With USS implementation the plan is to stop keeping any extra copies of sync data on disk or in memory except for short term caching of in-flight entities, e.g. the entities waiting to be committed or applied to the model. The metadata maintained by Sync should allow it to recover from unexpected termination and to redo unfinished operations from scratch, including re-fetching from the model and re-committing items that need to be committed and re-requesting update from the last known progress marker.
Improved parallelism, reduction of thread contention.
The main source of thread contention is exclusive access to Sync Directory shared between all threads. It is fair to say that most of the time only one thread at a time can perform sync operations. Other threads are often blocked waiting to enter the directory read or write transaction.

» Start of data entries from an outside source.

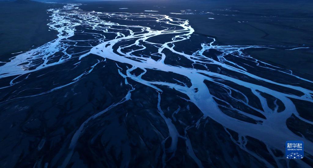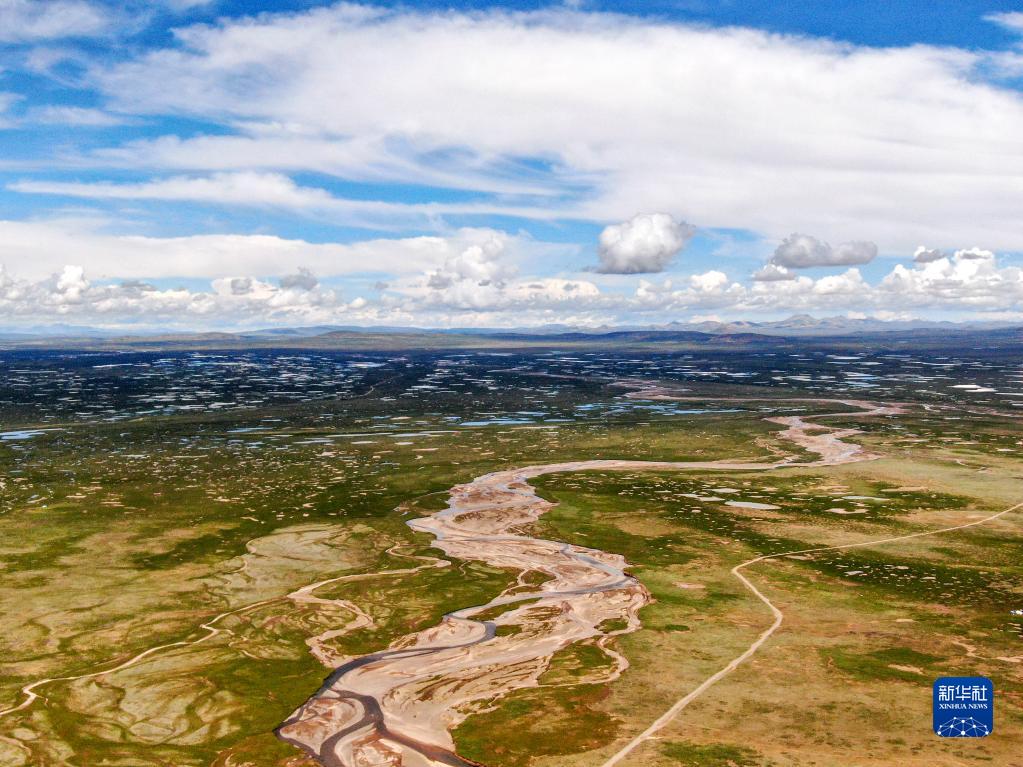 這是2022年7月27日在長江源地區(qū)拍攝的囊極巴隴河道,長江正源沱沱河和南源當(dāng)曲在此匯合(無人機照片)。新華社記者 肖藝九 攝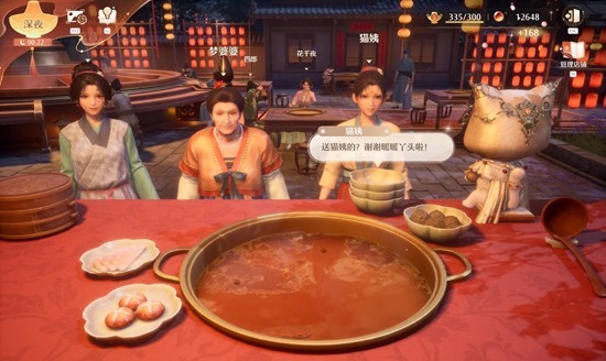 食材可以去火锅旁边的石老板那参加大喵小游戏获取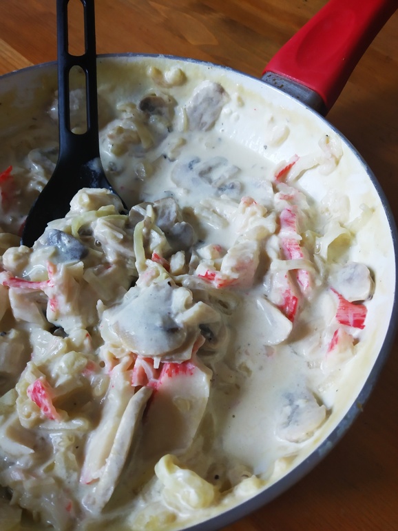 - упаковка крабового мяса «Снежный краб Вици» (в оригинальном рецепте используется краб. мясо, очень хорошо сюда пойдет гребешок и, наверное, креветки);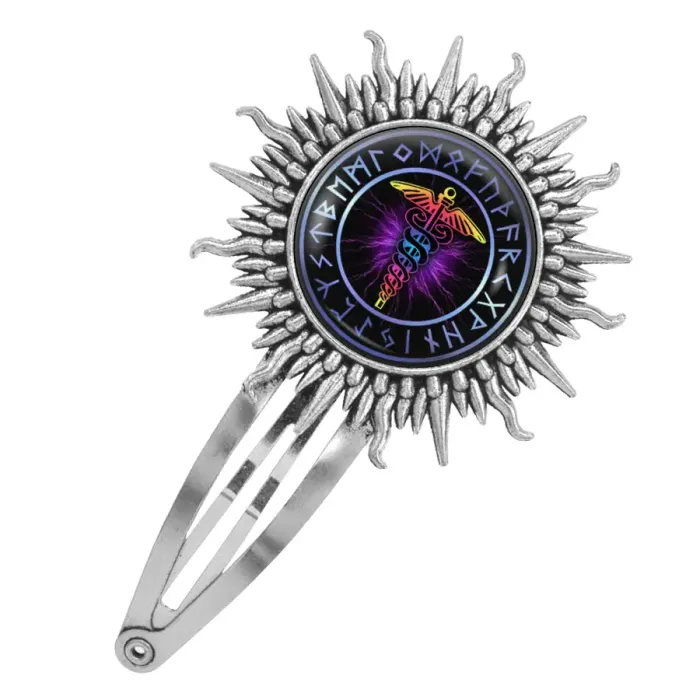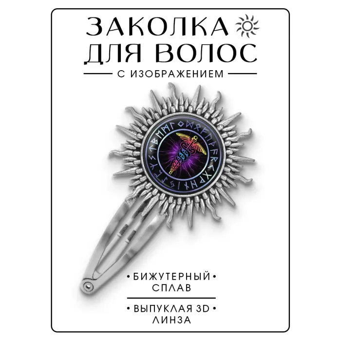 Заколка Кадуцей — это стильный аксессуар, который объединяет в себе элегантность и символику. Изготовленная из бижутерного сплава с покрытием под серебро, она станет великолепным дополнением к любому образу. Основные характеристики: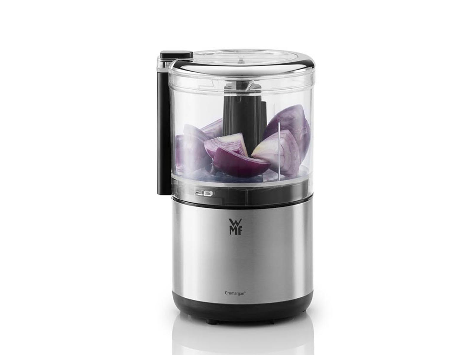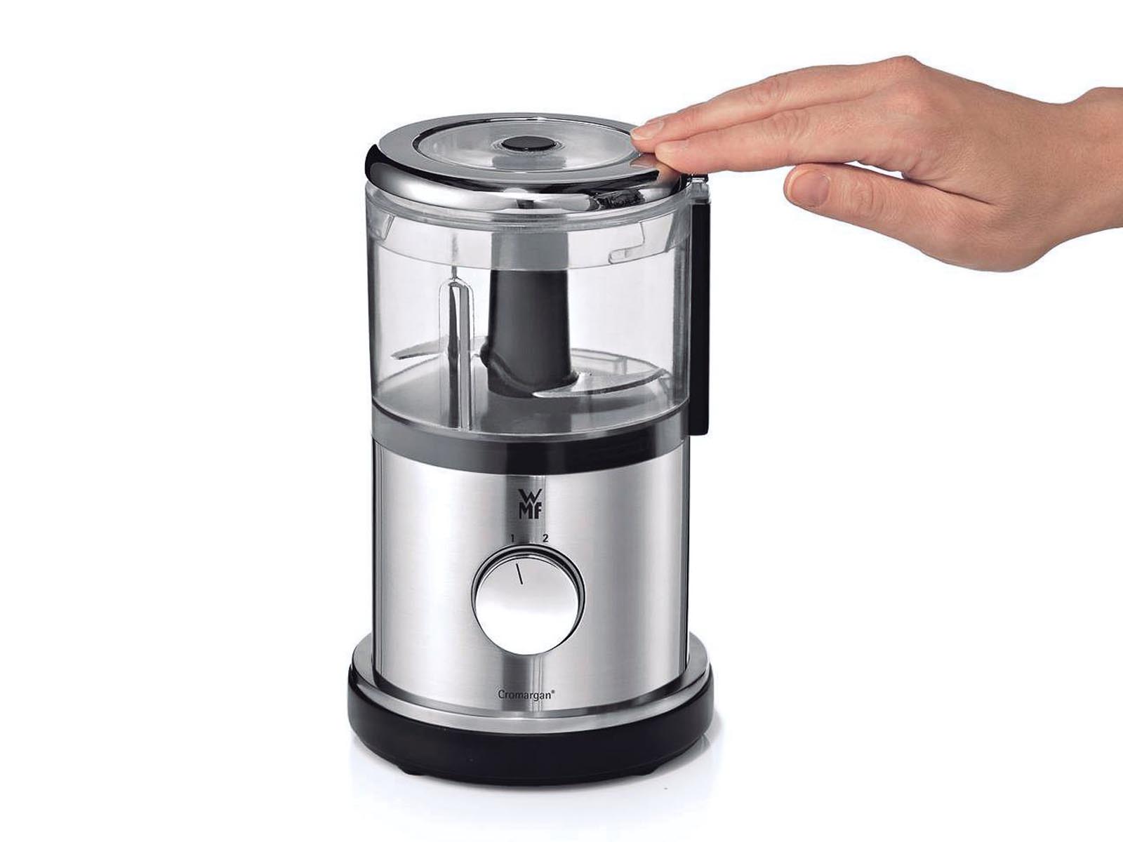 Siekacz posiada wyjmowane wysokiej jakości podwójne ostrze ze stali nierdzewnej z technologią WMF Perfect Cut zapewniającą doskonałe rezultaty rozdrabniania zarówno miękkich jak i twardych produktów żywnościowych.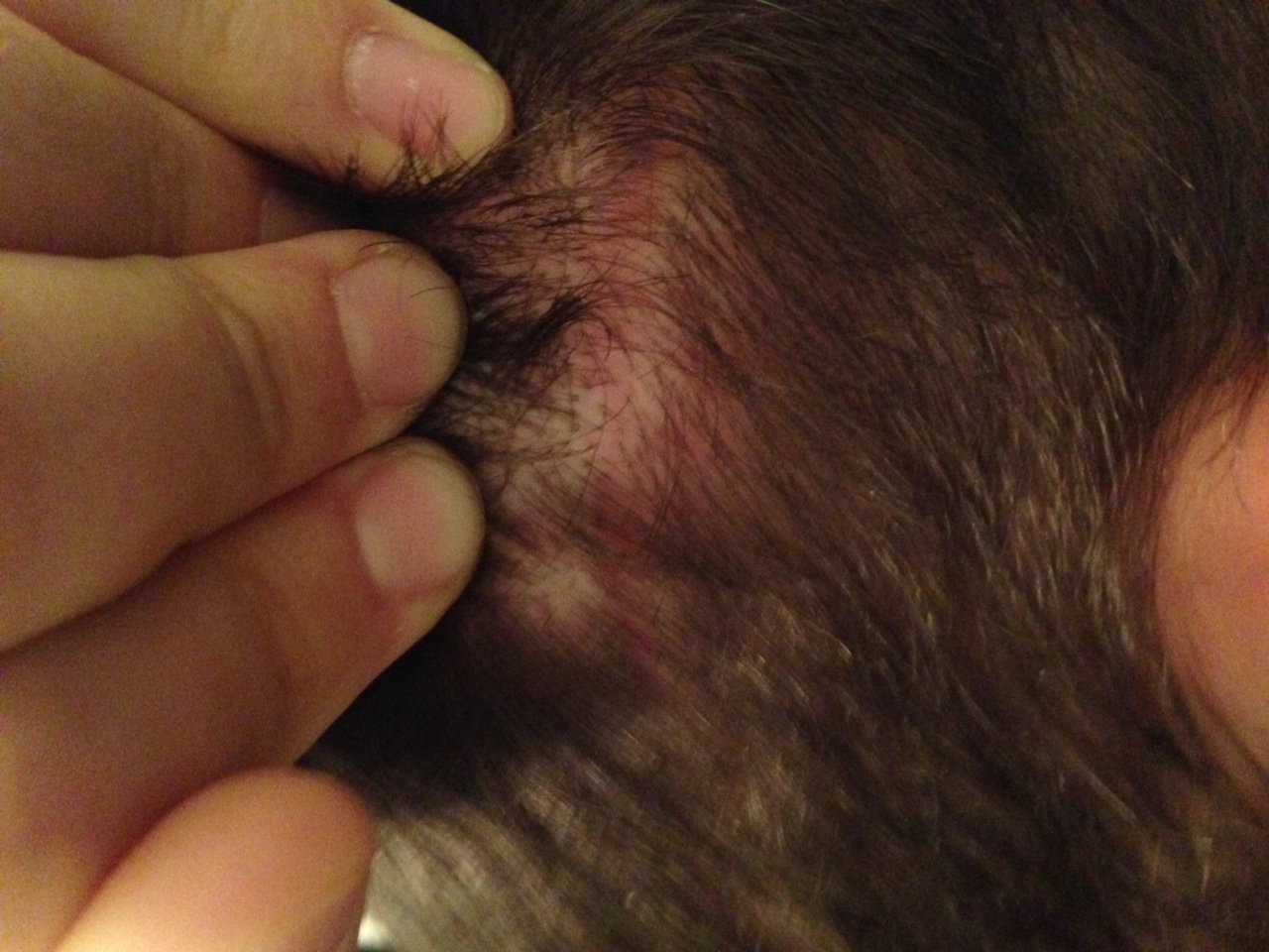 Die Haare sind ca. 11mm lang. Auf der linken Seite ist sie nur zu erahnen, auf der rechten Seite sieht man die narbe noch etwas stärker, da dort mehr "shockloss" stattfand .. Die Nahaufnahme der rechten Seite ist die "schlechteste" Stelle der gesamten Narbe.

With USS implementation there is no locking on the directory access. Each datatype has its own asynchronous messaging pipeline.
Code Complexity
The proposed design in general has a fewer number of layers. The centerpiece between the model thread and sync thread is eliminated. The whole layering complexity around the directory access with the transactions, directory persistence, integrity checking, etc is completely eliminated. Each syncable datatype becomes mostly independent from any other datatype. The type specific complexity that is still present in the directory implementation should be moved all the way to type specific DataTypeService implementation. The core of Sync engine should become more or less a streamlined messaging pipeline with conflict resolution logic.
At the same time the complexity of conflict resolution might increase due to asynchronous nature of USS pipeline and lack of a well defined transaction.